Women have a place in politics


WITH the majority of writs returned, the new parliament looks certain to be without the presence of women as elected members. The 2012 national elections returned three women in Delilah Gore (Sohe), Julie Soso (Eastern Highlands) and Loujaya Kouza (Lae).
From now until the next general election in 2022 – barring a women being elected during a by election – the ninth parliament will be an all-male show.
Is the country poorer for it? Will the government function less effectively because there are no women in parliament?
Based on the history of women in Papua New Guinean politics, which stretches back to the first elections in 1977, the impact from a numerical perspective will be slight.
Three women were elected to the first parliament, including Nahau Rooney (Manus regional), who served as Justice Minister in Michael Somare’s cabinet, and was subsequently re-elected for another term in 1982.
Parliament then had Dame Carol Kidu grace its floor for three terms. The Australian-born wife of Sir Buri Kidu, the country’s first chief justice, served three terms from 1997 to 2012 and held ministerial portfolios such as sports, community development and welfare.
Next to Rooney, Dame Carol is perhaps the most notable of the women who have had the opportunity to have served the country as leaders.
In terms of their impact on the floor of parliament, women have had little influence in that area.
Women who have become members since Rooney and have had the honour of holding ministries, have only held portfolios associated with social welfare, community and related areas.
Will Papua New Guinean’s voting preferences swing enough in the near future for women to become bigger players in the political sphere? One can only guess, but that does not mean they should not keep trying.
In September, 2015, the 193 member states of the United Nations unanimously adopted a new global agenda to end poverty by 2030 and pursue a sustainable future for all. PNG was one of those countries.
The 2030 Agenda for Sustainable Development (SDGs) includes a specific goal to achieve gender equality, which aims to end discrimination and violence against women and girls and ensure equal participation and opportunities in all spheres of life. Advancing women’s political participation was seen as a crucial part of delivering on the SDGs.

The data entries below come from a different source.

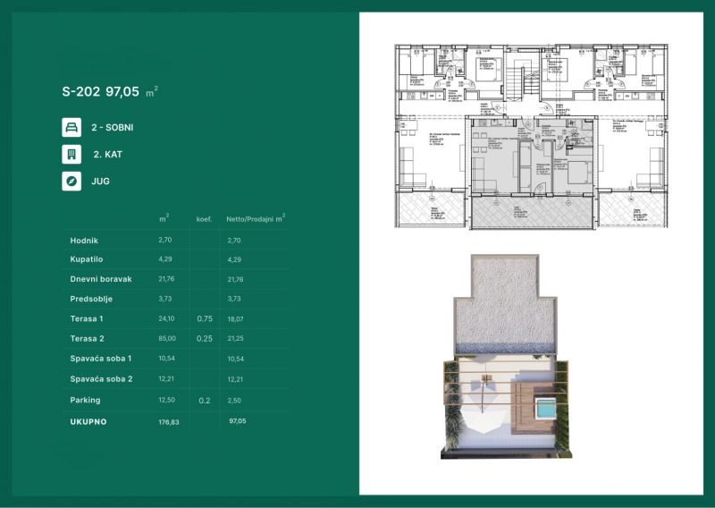 Vám ponuka na predaj v chorvátskom meste Zadar - Privlaka apartmán o rozlohe 97,15 m2 na druhom poschodí apartmánového domu s celkovo desiatimi bytmi. Dom bol postavený z kvalitných materiálov v roku 2024.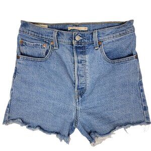 Levi Strauss Women's Lt Wash Raw Hem High-Rise Button Fly Ribcage Shorts Sz 29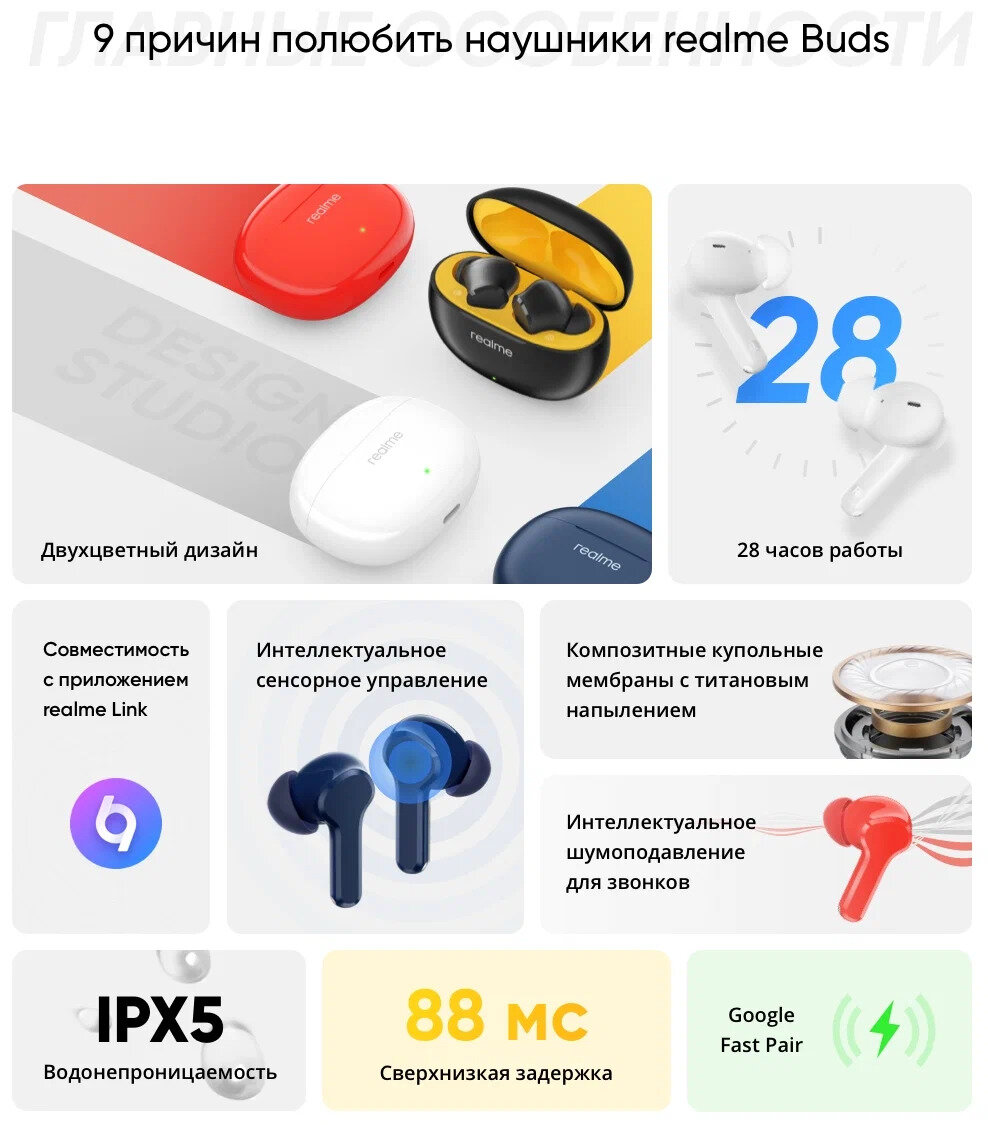 Беспроводные наушники RealMe Buds T100 True Wireless 5.3 Bluetooth 88MS Blue с низкой задержкой, черные 2 990 ₽ Подробнее

While that goal, which is to ensure women’s full and effective participation and equal opportunities for leadership at all levels of decision-making in political, economic and public life is a worthy one, this country is still some way off achieving that.
PNG can probably be described as a conservative Christian developing (or third world, depending who you ask) country with a male-dominated culture that has Melanesian ideals and traditions.
Slowly but surely, however, the women’s voice is being heard and their issues are being given the time and attention they deserve.
That is not to say that the country and its estimated eight million people need to be as progressive and on par with the western world.
With a country that has a low literacy rate among the general population, most of whom are based in the rural areas, and where formal employment accounts for a disproportionately small percentage of the adult population, women’s issues, while relevant, tend not to be the major focus of the agenda.
Women’s issues related to their fair and equal treatment in the education and opportunities in the workforce, their safety in terms of having protection from abuse and mistreatment are real and that is where the work needs to be done.
For a country to prosper every working man and woman  has a role to play. Politics in PNG is not just engendered towards the “big man” culture but is intrinsically geared towards developmental aims, as is natural for developing nations.
PNG certainly women have a place in politics. It is up to the people (half of whom are women) to put them there.